Why some Maine coastal communities are up in arms about aquaculture

From oyster farms to cultivated seaweed and farm-raised salmon, aquaculture is often described as essential to the economic future of Maine’s fisheries in the face of a changing ecosystem. Warming waters from climate change are pushing lobster farther Down East and have shut down the shrimp fishery, and threats such as ocean acidification and invasive green crabs are harming Maine’s natural fisheries.

But opposition to several proposed projects suggests the hardest part of getting into aquaculture might be getting past the neighbors. All along the coast, neighbors argue that pending aquaculture ventures will create too much noise, use too much energy, attract too many birds and obstruct their opportunities for boating or lobstering. One questioned whether an oyster farm would make it hard for deer to swim from one point of land to another.
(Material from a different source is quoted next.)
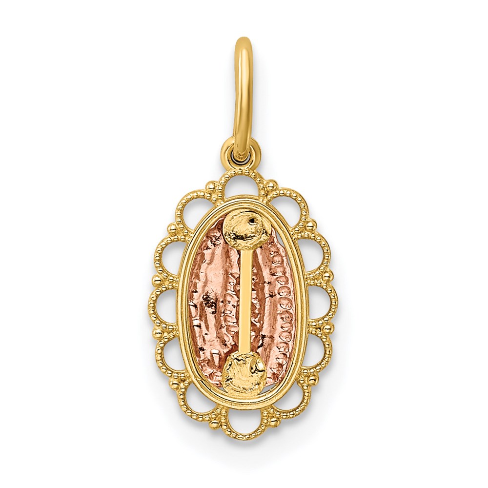 14k Two-tone Small Our Lady of Guadalupe Scalloped Edge Oval Pendant
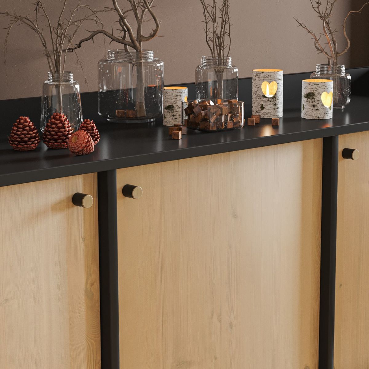 Ένα ιδιαίτερο ξύλινο πόμολο επίπλου για έπιπλα δωματίου και σαλονιού, σε συνδιασμό δρυς με μαύρο.

In Belfast, abutters to the land where Nordic Aquafarms hopes to put in a giant land-based farm to raise salmon have filed a lawsuit against the city, which they say hastily and secretly approved a zoning change the company needed to move forward.

In Brunswick, opponents of a proposed 40-acre oyster farm have hired not just attorneys, but a public relations expert, Crystal Canney, in the hopes of persuading the Department of Marine Resources not to approve the lease.